The government may see borrowing costs jump unless it contains its growing debt burden, a Bank of Japan Policy Board member warned Wednesday, saying officials can’t allow low bond yields to make them complacent about fiscal policy.
“An event where an increase in borrowing costs would significantly exacerbate public finances wouldn’t be completely unexpected,” Seiji Nakamura said in a speech in Naha, Okinawa Prefecture. “I think we have avoided addressing the problem and have a low sense of crisis because our country has been able to secure funds with lower borrowing costs despite a persistent increase in outstanding public debt.”
The government, already holder of the largest burden in the industrialized world, forecasts its debt may exceed ¥1 quadrillion this year at a time when Europe’s sovereign woes have increased investor scrutiny of public finances. Japan’s credit rating has been cut by Moody’s Investors Service and Standard & Poor’s this year.

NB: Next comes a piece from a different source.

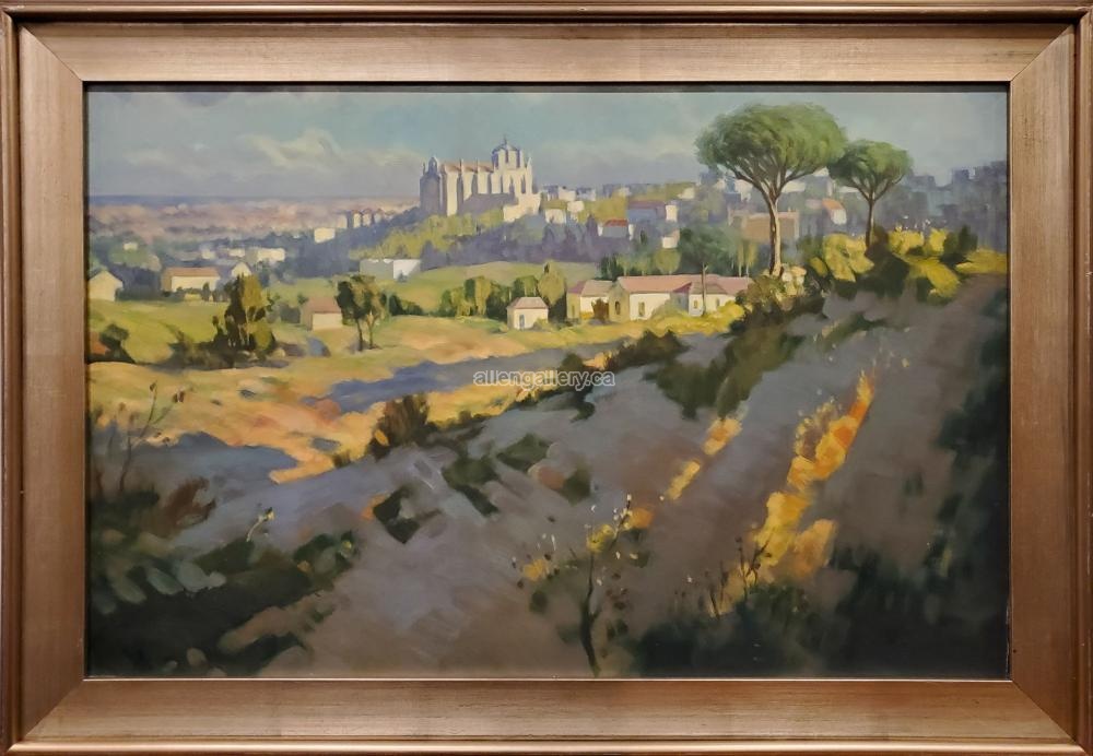 Hillside With Village In Distance - original oil in elegant frame - available "frame only" on request (24x36 interior size)

“Europe’s debt crisis has raised the Bank of Japan’s alert level,” said Hideo Kumano, chief economist at Dai-ichi Life Research Institute and an ex-BOJ official. “Japan is unlikely to immediately have the same problem as Europe because its debts are domestically financed, but the BOJ knows it’s a possible risk.”
Benchmark 10-year government bonds yield about 1 percent and the nation’s benchmark borrowing costs are below 0.1 percent. Near-zero interest rates have bolstered the appeal of government debt to households and domestic investors, who hold more than 90 percent of Japan’s issuances. Persistent current-account surpluses have also been supportive of the nation’s fiscal position.
“Specific long-term measures to achieve fiscal health must be taken before we lose the trust of the market,” Nakamura said.